- _Data excerpt_
——
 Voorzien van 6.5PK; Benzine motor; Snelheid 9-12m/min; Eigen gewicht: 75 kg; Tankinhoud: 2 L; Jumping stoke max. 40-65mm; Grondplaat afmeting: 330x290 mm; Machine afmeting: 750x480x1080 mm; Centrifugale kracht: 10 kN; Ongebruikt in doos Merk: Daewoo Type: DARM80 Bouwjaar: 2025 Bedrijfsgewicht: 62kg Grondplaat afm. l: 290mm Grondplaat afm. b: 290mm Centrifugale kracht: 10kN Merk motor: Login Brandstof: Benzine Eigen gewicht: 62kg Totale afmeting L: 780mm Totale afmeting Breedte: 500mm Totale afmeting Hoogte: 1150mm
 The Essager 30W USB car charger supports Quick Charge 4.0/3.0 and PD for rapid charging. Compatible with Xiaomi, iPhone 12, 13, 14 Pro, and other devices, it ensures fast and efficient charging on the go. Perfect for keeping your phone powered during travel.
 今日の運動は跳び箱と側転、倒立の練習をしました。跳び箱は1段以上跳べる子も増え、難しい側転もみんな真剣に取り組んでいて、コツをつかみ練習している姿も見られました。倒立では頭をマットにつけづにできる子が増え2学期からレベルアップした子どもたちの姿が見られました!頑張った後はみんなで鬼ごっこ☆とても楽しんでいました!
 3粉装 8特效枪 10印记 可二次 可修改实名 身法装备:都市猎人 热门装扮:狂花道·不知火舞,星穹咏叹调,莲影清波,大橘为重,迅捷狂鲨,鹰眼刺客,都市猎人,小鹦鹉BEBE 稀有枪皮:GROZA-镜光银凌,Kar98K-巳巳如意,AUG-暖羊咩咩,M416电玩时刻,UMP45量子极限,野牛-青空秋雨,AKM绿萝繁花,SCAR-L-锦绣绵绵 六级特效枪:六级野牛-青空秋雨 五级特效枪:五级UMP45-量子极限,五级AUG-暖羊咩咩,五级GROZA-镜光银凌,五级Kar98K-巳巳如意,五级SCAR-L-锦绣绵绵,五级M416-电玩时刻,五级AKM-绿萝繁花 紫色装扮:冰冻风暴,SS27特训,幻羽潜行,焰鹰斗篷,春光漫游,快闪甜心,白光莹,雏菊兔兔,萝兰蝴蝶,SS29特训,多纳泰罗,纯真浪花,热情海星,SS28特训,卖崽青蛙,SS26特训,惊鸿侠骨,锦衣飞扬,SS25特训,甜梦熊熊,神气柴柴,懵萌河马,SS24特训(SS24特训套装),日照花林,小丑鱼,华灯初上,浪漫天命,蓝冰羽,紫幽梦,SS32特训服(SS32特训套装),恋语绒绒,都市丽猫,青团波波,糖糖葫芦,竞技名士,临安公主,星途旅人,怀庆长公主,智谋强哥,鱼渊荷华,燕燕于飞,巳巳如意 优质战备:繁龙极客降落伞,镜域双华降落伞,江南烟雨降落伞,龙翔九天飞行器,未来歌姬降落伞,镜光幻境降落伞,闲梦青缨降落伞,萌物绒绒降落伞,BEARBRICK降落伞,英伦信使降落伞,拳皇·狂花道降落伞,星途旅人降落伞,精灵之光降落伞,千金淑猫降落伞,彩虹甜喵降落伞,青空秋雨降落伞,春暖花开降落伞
——
- _Aim of the task_
With no alteration of any kind, give the data again in full.

- _Result of the task_
 Voorzien van 6.5PK; Benzine motor; Snelheid 9-12m/min; Eigen gewicht: 75 kg; Tankinhoud: 2 L; Jumping stoke max. 40-65mm; Grondplaat afmeting: 330x290 mm; Machine afmeting: 750x480x1080 mm; Centrifugale kracht: 10 kN; Ongebruikt in doos Merk: Daewoo Type: DARM80 Bouwjaar: 2025 Bedrijfsgewicht: 62kg Grondplaat afm. l: 290mm Grondplaat afm. b: 290mm Centrifugale kracht: 10kN Merk motor: Login Brandstof: Benzine Eigen gewicht: 62kg Totale afmeting L: 780mm Totale afmeting Breedte: 500mm Totale afmeting Hoogte: 1150mm
 The Essager 30W USB car charger supports Quick Charge 4.0/3.0 and PD for rapid charging. Compatible with Xiaomi, iPhone 12, 13, 14 Pro, and other devices, it ensures fast and efficient charging on the go. Perfect for keeping your phone powered during travel.
 今日の運動は跳び箱と側転、倒立の練習をしました。跳び箱は1段以上跳べる子も増え、難しい側転もみんな真剣に取り組んでいて、コツをつかみ練習している姿も見られました。倒立では頭をマットにつけづにできる子が増え2学期からレベルアップした子どもたちの姿が見られました!頑張った後はみんなで鬼ごっこ☆とても楽しんでいました!
 3粉装 8特效枪 10印记 可二次 可修改实名 身法装备:都市猎人 热门装扮:狂花道·不知火舞,星穹咏叹调,莲影清波,大橘为重,迅捷狂鲨,鹰眼刺客,都市猎人,小鹦鹉BEBE 稀有枪皮:GROZA-镜光银凌,Kar98K-巳巳如意,AUG-暖羊咩咩,M416电玩时刻,UMP45量子极限,野牛-青空秋雨,AKM绿萝繁花,SCAR-L-锦绣绵绵 六级特效枪:六级野牛-青空秋雨 五级特效枪:五级UMP45-量子极限,五级AUG-暖羊咩咩,五级GROZA-镜光银凌,五级Kar98K-巳巳如意,五级SCAR-L-锦绣绵绵,五级M416-电玩时刻,五级AKM-绿萝繁花 紫色装扮:冰冻风暴,SS27特训,幻羽潜行,焰鹰斗篷,春光漫游,快闪甜心,白光莹,雏菊兔兔,萝兰蝴蝶,SS29特训,多纳泰罗,纯真浪花,热情海星,SS28特训,卖崽青蛙,SS26特训,惊鸿侠骨,锦衣飞扬,SS25特训,甜梦熊熊,神气柴柴,懵萌河马,SS24特训(SS24特训套装),日照花林,小丑鱼,华灯初上,浪漫天命,蓝冰羽,紫幽梦,SS32特训服(SS32特训套装),恋语绒绒,都市丽猫,青团波波,糖糖葫芦,竞技名士,临安公主,星途旅人,怀庆长公主,智谋强哥,鱼渊荷华,燕燕于飞,巳巳如意 优质战备:繁龙极客降落伞,镜域双华降落伞,江南烟雨降落伞,龙翔九天飞行器,未来歌姬降落伞,镜光幻境降落伞,闲梦青缨降落伞,萌物绒绒降落伞,BEARBRICK降落伞,英伦信使降落伞,拳皇·狂花道降落伞,星途旅人降落伞,精灵之光降落伞,千金淑猫降落伞,彩虹甜喵降落伞,青空秋雨降落伞,春暖花开降落伞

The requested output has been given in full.